SIG CEO Rolf Stangl

Rolf Stangl, CEO SIG

Why is responsible business good business? If you’re in the food and drinks business, as we are, responsibility is an essential ingredient and never an optional extra. As a minimum, we have to ensure that our packages fully protect the valuable product as it makes its often bumpy journey to the consumer.

That’s our responsible starting point. But disruptions in our fast-changing world are forcing the spread of business responsibilities much further than ever before. If we are to retain our position as a responsible partner to our customers, we must make sure that we set high social, environmental and ethical standards and meet the extended obligations that these create throughout the value chain.

Disruptive trends

Our world is being shaped, and constantly reshaped, by disruptive trends that are affecting every business. Massive population growth (nearly 10 billion by 2050), climate change, resource squeeze, rapid urbanisation, shifting eating habits of the fast-expanding middle classes… these are just some of the megatrends that are posing great risks for business. But the world is also full of opportunities for companies that are flexible and fast enough to understand their responsibilities and convert them into market-beating products and services.

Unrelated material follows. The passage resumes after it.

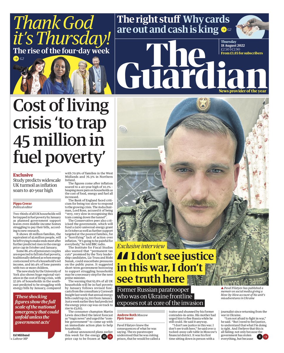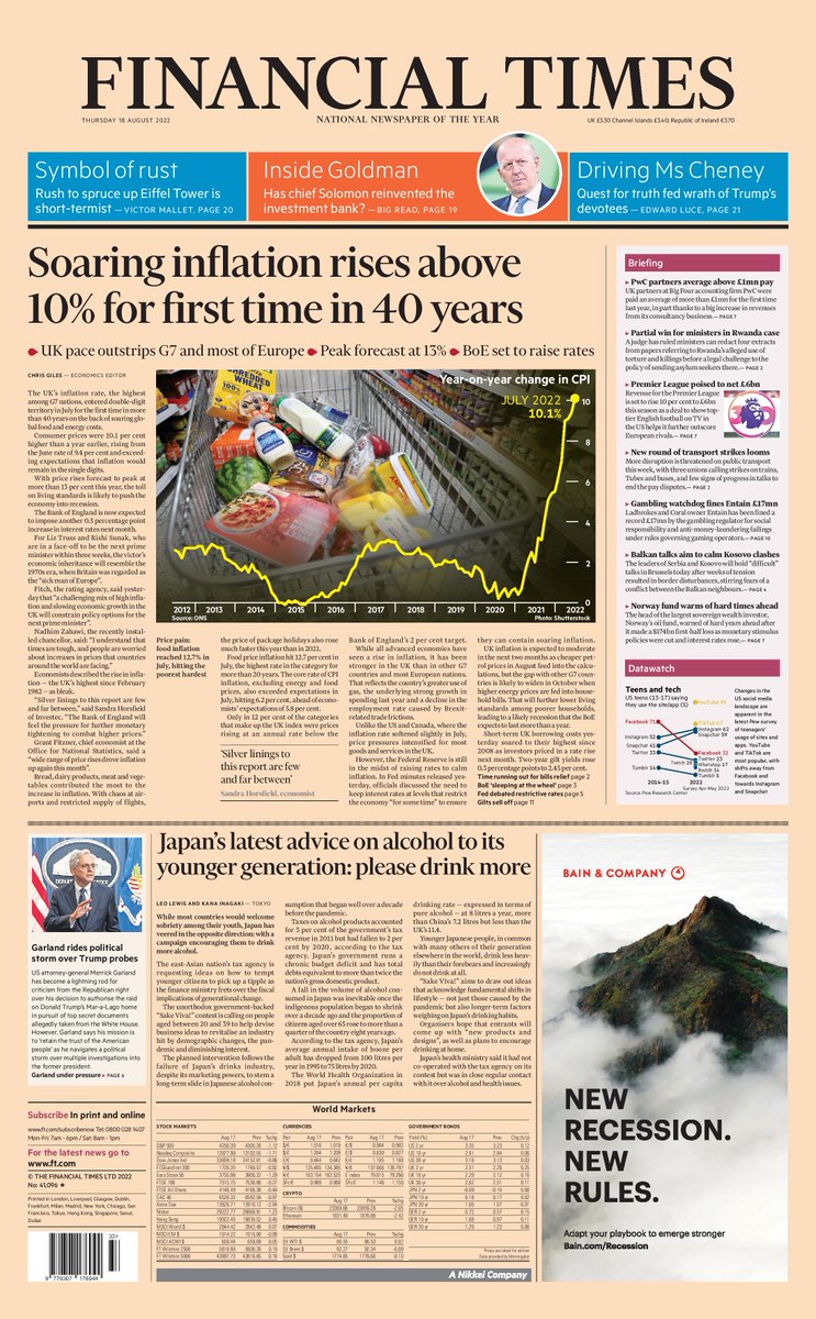 Financial Times reports that UK inflation hit double-digits in July for the first time in over 40 years as food and energy costs soar.

“People want to know that their food and drink is safe. But also: Is the packaging recyclable? Is it renewable?”

The speed of change constantly increases as the internet and mobile phones enable ‘radical transparency’. This allows consumers to learn about what happens upstream in the supply chains where raw ingredients are mined, logged, caught or manufactured.

Heightened consumer interest

Heightened consumer interest in social and environmental issues has further increased demand for greater transparency from brands and companies. People want to know that their food and drink is safe; that the products they buy do neither harm the environment nor the people who are involved in the production of the raw ingredients and final products. And it is not only what’s in the product but how the product is packaged: Is the packaging recyclable? Is it renewable? How much does it contribute to climate change? Were the raw materials used to make the packaging responsibly sourced?

Most consumers want to trust that their preferred brand – or the company behind the brand – has taken responsibility on their behalf. And furthermore, they want to know that the company or brand they trust is an all-round responsible corporate citizen. Does it care for its employees and keep them safe? Does it contribute to its communities? Does it protect the environment? Does it promote human rights?

Activist – such as Greenpeace, Oxfam and a growing army of bloggers, vloggers and tweeters – make it their business to dig out information and use social media to encourage consumers to make their concerns heard. Even if you are high up the supply chain, your customers lower down will make sure to share their anger if you are responsible for their discomfort. There is no place to hide. Consumer demands for assurance affect the entire value chain because each link depends on the integrity of those above.

Responsibility built in

Being a responsible company is not only the right thing to do but it reduces supply chain risks and enables companies to engage better with their customers and suppliers.

“Being a responsible company is one of the pillars of our business strategy, our Compass.”

Being a responsible company is one of the pillars of our business strategy, our Compass. There are two more: responsible sourcing and responsible products. This is why we say responsibility is built into SIG because our business strategy commits us to producing responsible products, made from raw materials that are responsibly sourced. This makes us proud to call ourselves a responsible company and a responsible partner to our customers.

Committed to transparency

Because we see responsibility as absolutely integral to HOW we do business, we have developed a roadmap with stretching goals to ensure we meet our commitments and continue to improve. Early in 2017 we will reveal key details of our roadmap and at the end of the first quarter we will issue our responsibility report to show our progress and performance. This is part of our commitment to transparency and we have designed it to ensure our stakeholders can hold us accountable and encourage us to improve.

Our work in our three responsibility pillars is good for our business because it builds trust with our customers and suppliers. Our suppliers know that we only accept high quality raw materials that comply with our social, environmental and ethical conditions. And our customers can trust that we will not pass them any problems because we have the commitment and systems in place to ensure we have a responsible supply chain.

Taking responsibility means that everyone wins because our emphasis on responsible business increases the value we can pass to our customers, and they, in turn, to their customers and consumers.

That’s the beauty of SIG’s responsible business.